May I ask if someone can explain this part of the code to me:

author_last_names.append(name.split()[-1])

8 Likes

Let’s say we have an author name,

name = "Edward Arthur Milne"

The line above will append the last name, ā€˜Milne’ to the author_last_names list.

First we split the name,

['Edward', 'Arthur', 'Milne']

Then we access the last element (-1 means read from the right) and append it.

10 Likes

Thank you very much.

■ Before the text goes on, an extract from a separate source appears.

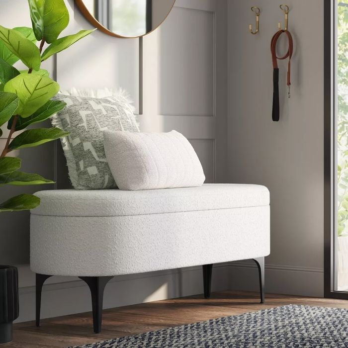 12. This elevated storage bench brings a fresh, clean look to your space. The bonus? It’s soft to the touch, making it a cozy spot for you or your pet, even if it's just for slipping on your shoes.

I am getting the hang of it, I guess.

@mtf
i’m sorry but i still can’t understand the following code :

author_last_names.append(name.split()[-1])

1 Like

No problem.

name.split()

returns a list.

name.split()[-1]

is the last element in that list.

The rest of the code should be understandable, we append that element value to the last_names list.


Edited 21/09/2019

5 Likes

i did it like this its not pretty but works i dont understand how to do it so the code know the last name

author_names = authors.split()
author_last_names = []
for a in author_names:
  if "," in a:
    a = a[:-1]
    author_last_names.append(a)
author_last_names.append(author_names[-1])
print(author_last_names)

this prints

['Lorde', 'Williams', 'Mistral', 'Toomer', 'Qi', 'Whitman', 'Silverstein', 'Boullosa', 'Suraiyya', 'Hughes', 'Rich', 'Giovanni']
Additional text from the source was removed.